Se debate uno en pensamientos contradictorios.
¿Será la vanidad lo que subyace debajo de esa alegría que sentimos al recibir tanto cariño?
¿De donde surge esa necesidad de sentirse querido?
Pero cuando miras alrededor y te das cuenta de que todos los seres humanos funcionamos a golpe de ternura y cariño y de que hasta la criatura más sumida en el fango responde con dulzura a la caricia o al detalle inesperado, respiras hondo porque detrás de esa autocomplacencia en el cariño de los otros no hay más que una confirmación de que somos humanos y que nos sentimos vivos y sobre todo repletos cuando el amor anda por medio.
La ternura amansa y serena cualquier aspereza. Somos seres sedientos de cariño. El amor desarma y nos deja sin argumentos. Tonifica nuestro corazón y engarza cualquier existencia por deshilachada que se encuentre.
Hoy habéis hecho que mi vida haya sido una auténtica gozada.
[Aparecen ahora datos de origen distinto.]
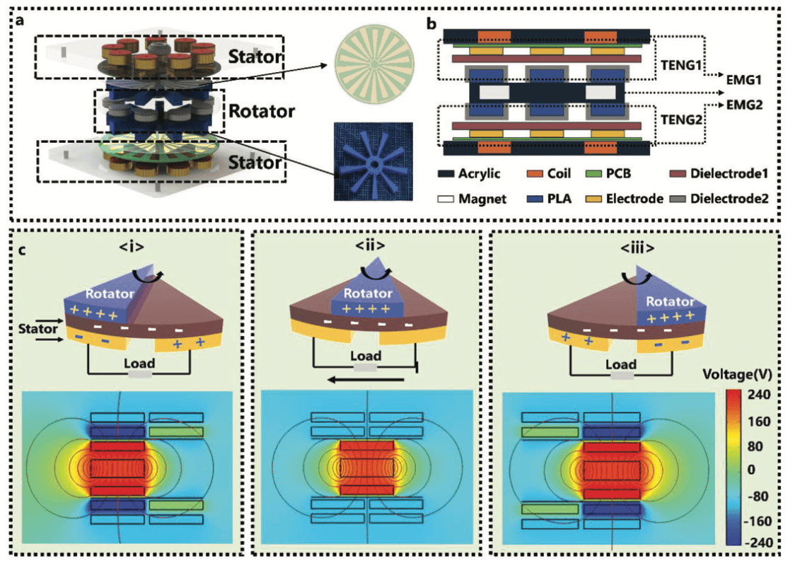 With the advent of carbon neutrality, renewable energy installations are being upgraded toward miniaturization, low cost, and high conversion efficiency. Thus, a high output triboelectric–electromagnetic hybrid generator based on in-phase parallel connection (IP-HG) is proposed. The output characteristics of both TENG (triboelectric nanogenerator) and EMG (electromagnetic generator) can be effectively complemented to provide excellent output over a wide range of operating frequencies. By connecting multiple TENGs in parallel with EMGs in the same phase respectively, cumbersome rectification elements and wiring can be eliminated, and the energy output of the device can be greatly increased. The output characteristics and advantages of the IP-HG are systematically investigated, including the material of the TENG, the rotation speed, the combination of dielectrode, and their effect on the electrical output of the IP-HG. The short-circuit current of 63 mA, open-circuit voltage of 80 V, and an instantaneous output power density of 610 W m−3 is obtained by using a full-wave rectifier circuit at 243 rpm, which can charge a 470 μF capacitor to 1 V in 0.2 s. A maximum output efficiency reaches 36.162% at 189 rpm. In addition, the IP-HG can continuously power a commercial sensor and three 5 W DC light bulbs at very low rotational speeds. The reported IP-HG offers an efficient and sustainable design approach to the development of hybrid harvesters.
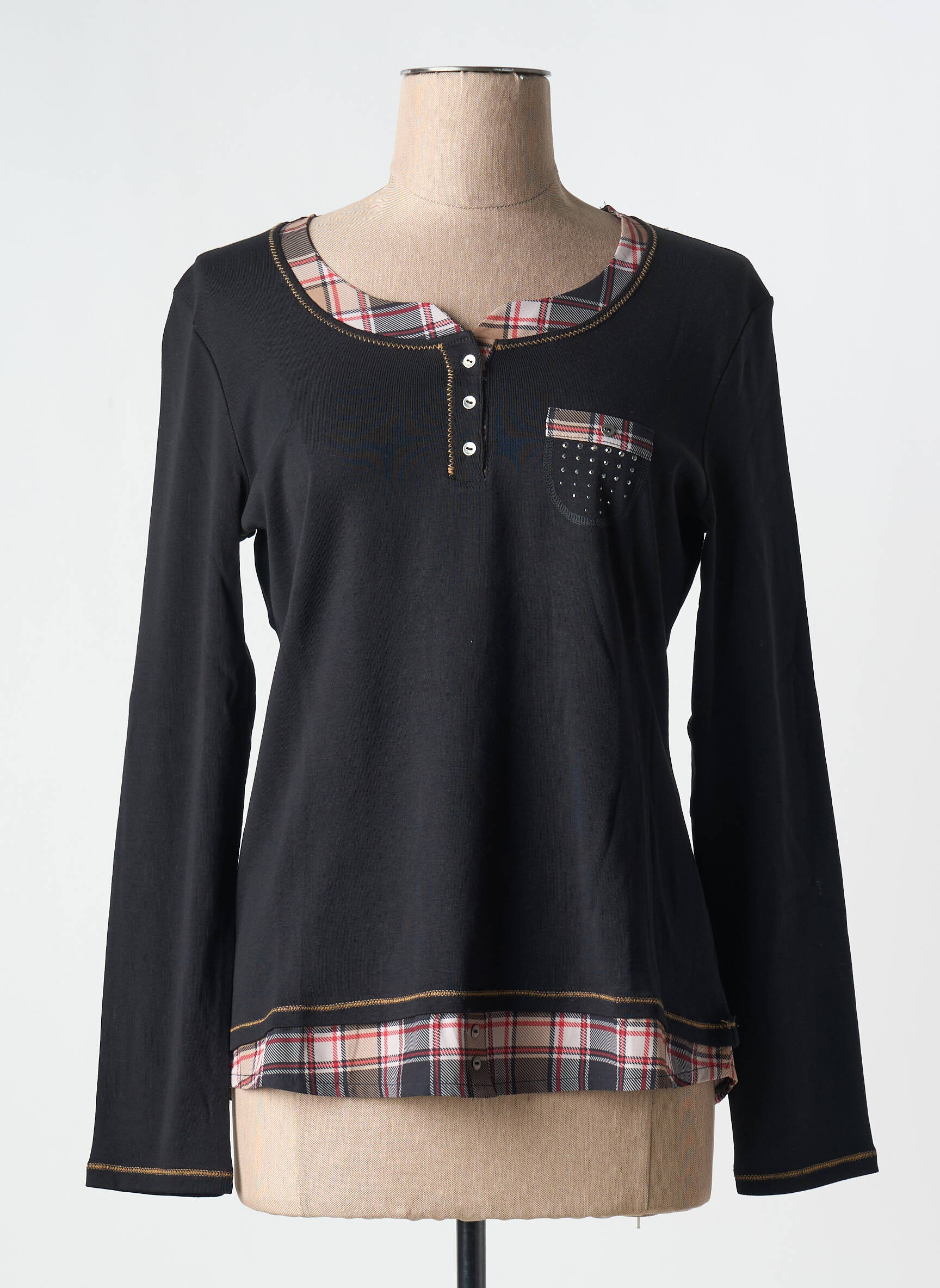 Craquez pour ce T-shirt femme FRONT DE MER à prix mini, un vrai bon plan pour renouveler votre dressing sans vous ruiner. Son style original mélange la simplicité du noir à des détails en tissu à carreaux au col, à la poche poitrine et à la base, pour une touche tendance qui se démarque. Sa coupe confortable à manches longues et sa patte de boutonnage sur le devant rendent ce haut parfait pour un look casual-chic au quotidien, tout en profitant d'une belle économie.
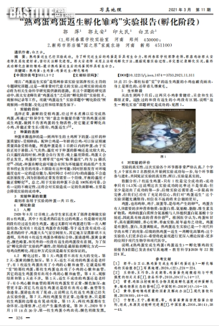 這篇題為《熟雞蛋變成生雞蛋(雞蛋返生)-孵化雛雞的實驗報告》的論文,去年由鄭州春霖職業培訓學校校長郭平發表於《寫真地理》期刊。論文介紹,10名特訓班學生將新鮮雞蛋完全煮熟後,開始用超心理意識能量方法,20分鐘後雞蛋返生成功,甚至有一枚雞蛋當場破殼。
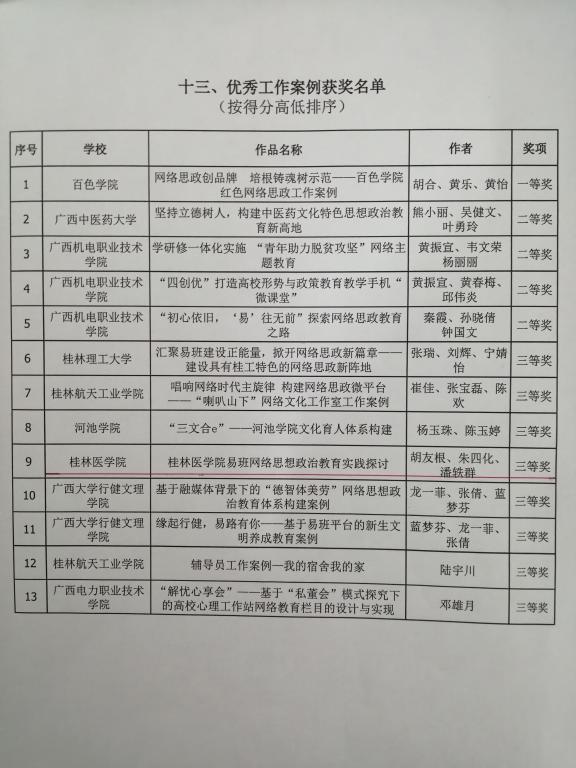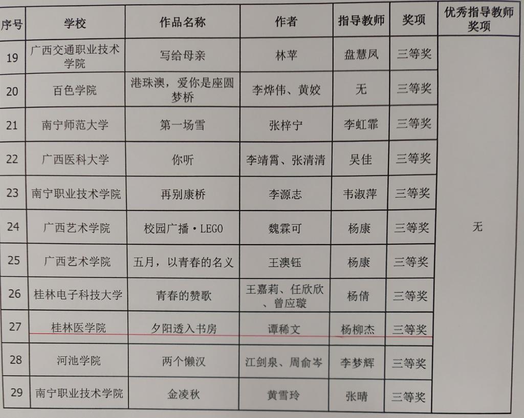 2019年,在由区教育厅会同区党委网信办主办的第六届全区大学生网络文化节和2019年全区高校网络教育优秀作品推选展示活动中,我校6项作品获奖。其中,二等奖1项、三等奖5项、优秀指导教师奖1项。
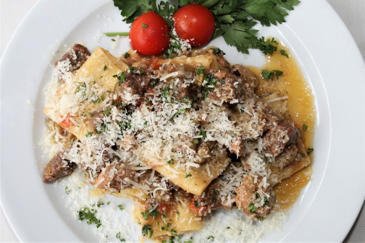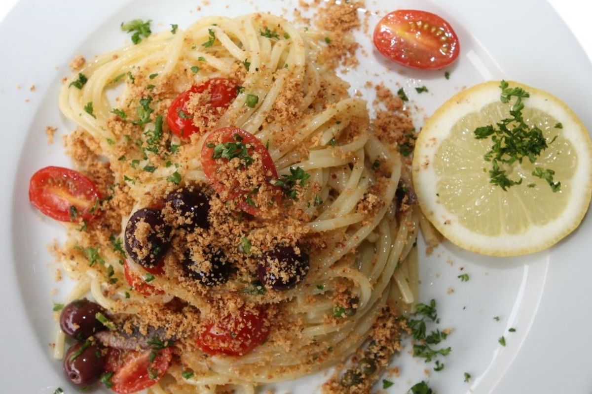 Außer den vegetarischen Grünspargel-Ravioli offeriert De Paola weitere Veggi-Gerichte: Ravioli mit Steinpilzfüllung in Knoblauch-Basilikum-Butter, Ravioli mit Auberginen-Ziegenkäse-Füllung in Tomatensauce, Gnocchi all Sorrentina, Gnocchi all ´Amalfitana und – natürlich – Parmigiana di Melanzane, den berühmten Auberginenauflauf, um dessen Urheberschaft man sich in Italiens Süden immer mal wieder heftig streitet. Für jeden echten Neapolitaner ist die Herkunft des Gerichts natürlich sonnenklar: Sowas kann nur die Cucina Napolitana. Und basta! Gleiches gilt für die Pasta-Gerichte – etwa für Maltagliati al Ragù Napoletano oder für Paccheria alla Genovese. In beiden Fällen bringt De Paola die Teigwarenspezialitäten mit (unterschiedlich zubereiteten) würzigen Fleischsaucen auf die Teller, und die ohnehin äußerst italominded Berliner jubeln: Buono! Buonissimo! Auch wir sagen bravo – was der Küchenchef da macht, hat Stil und jede Menge Traditionsfeeling und ist Versprechen und Erfüllung zugleich. Erfüllung jetzt, Vorfreude auf das, was noch kommt – etwa Spaghetti alla Marinada mit Sardellen, Kirschtomaten, Kapern und Oliven.
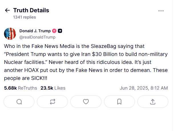 মার্কিন প্রেসিডেন্ট ডোনাল্ড ট্রাম্প তার প্রশাসন ইরানের সঙ্গে বেসামরিক পারমাণবিক সুবিধা বিকাশে ৩০ বিলিয়ন মার্কিন ডলারের চুক্তি বিবেচনা করছে। একাধিক মিডিয়া রিপোর্টে এমনটাই দাবি করা হয়েছে। যদিও এই প্রতিবেদনগুলি সত্য নয় বলেও দাবি করেছেন মার্কিন প্রেসিডেন্ট ডোনাল্ড ট্রাম্প। ট্রুথ সোশ্যালে একটি পোস্টে, ট্রাম্প লিখেছেন, "ভুয়া সংবাদমাধ্যমের কোন স্লিজব্যাগ বলছে যে "রাষ্ট্রপতি ট্রাম্প ইরানকে অ-সামরিক পারমাণবিক সুবিধা নির্মাণের জন্য ৩০ বিলিয়ন ডলার দিতে চান।" এই হাস্যকর ধারণাটি কখনও শুনিনি। এটি কেবল ভুয়া সংবাদমাধ্যমের দ্বারা প্রচারিত আরেকটি মিথ্যাচার। এই লোকেরা অসুস্থ!!!"
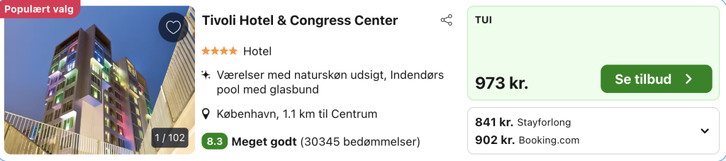 Tivoli Hotel København ligger centralt i hovedstaden, tæt på Københavns Hovedbanegård, havnefronten og byens mange seværdigheder. Hotellet er moderne og stilfuldt indrettet med inspiration fra Tivolis eventyrlige univers, hvilket skaber en farverig og samtidig elegant atmosfære. Værelserne er rummelige og komfortable med store vinduer, gode senge og moderne faciliteter, og mange har flot udsigt over byen eller havnen.
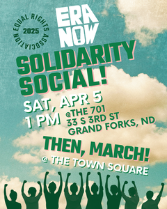 Join ERA NOW for a Solidarity Social on April 5 at 1 P.M. at The 701 in downtown Grand Forks, ND. We’ll be making equality bracelets, writing and sending protest postcards, and having good conversations with friends. Refreshments will be provided. Then, head to Town Square to march in the Rise Up Rally.
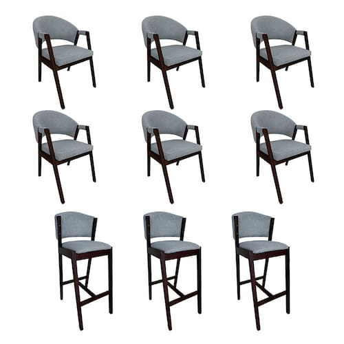 Tipo: Cadeira Modelo: Helen Tecido: Cinza Cor do Tecido: Cinza Cor da Base: Castanho Base em Madeira Maciça
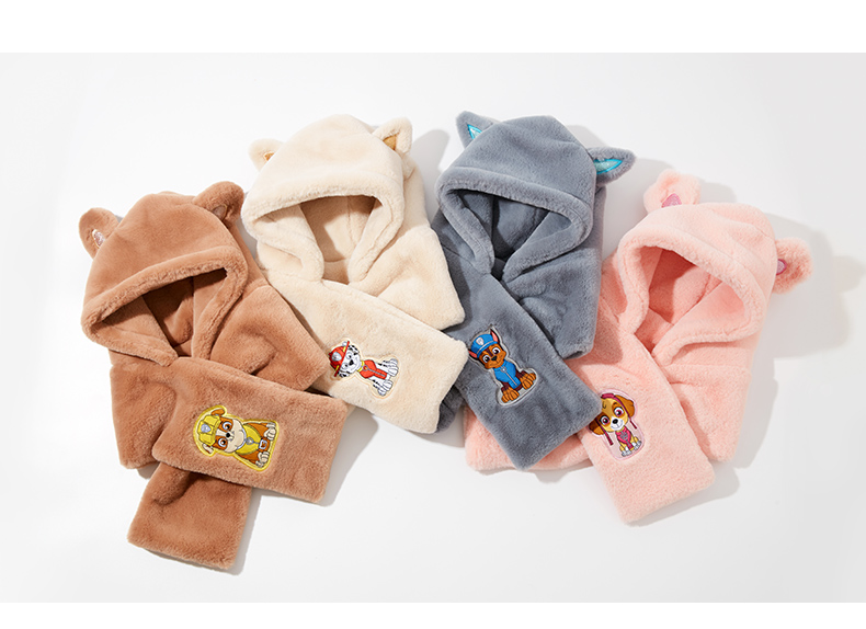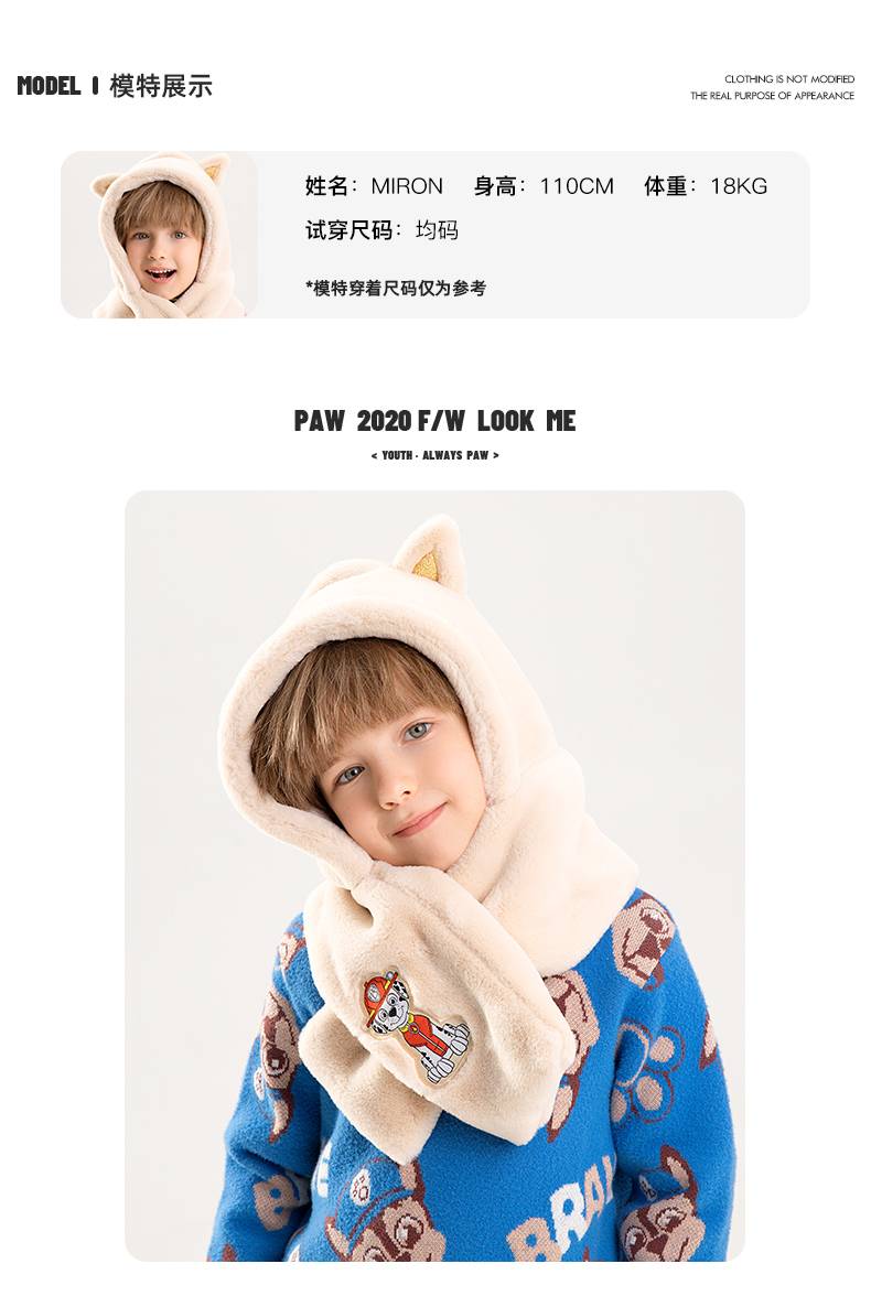 这款PAW PATROL 汪汪队立大功 2020新品 儿童秋冬围巾一体毛绒帽子,双面仿懒兔毛面料,温暖不掉毛,超细绒毛,婴儿般触感。立体帽型剪裁,小动物耳朵装饰,新颖别致,非常亮眼,搭配汪汪队狗狗专属织章设计刺绣,童真可爱。

Me siento desbordada y agradecida por vuestro tiempo, abrazos intensos y sinceros, piropos que halagan y reedifican, llamadas que ilusionan, correos electrónicos que asombran, palabras tiernas, flores virtuales, cartas repletas de jovialidad adolescente, regalos inesperados, dulzura wasapera, realidad virtual que se ha transformado en caricias digitales que me han rozado y erizado la piel pareciendo casi reales. Y he podido casi bailar al son de ese cumpleaños feliz envuelto en brisas que te aseguro no estaba en absoluto desafinado.
Pero hay algo que cada año convierte este día que comparto con mi hija en celebraciones onomásticas en una jornada distinta. La liturgia anual de cada cumpleaños comienza cada mañana del 27 de abril con el desayuno. Es cuando paladeo y degusto con una unción casi mística, un ritual necesario en este día. Ese dulce que han hecho las manos de ella...el bizcocho de mi madre...¡casi nada!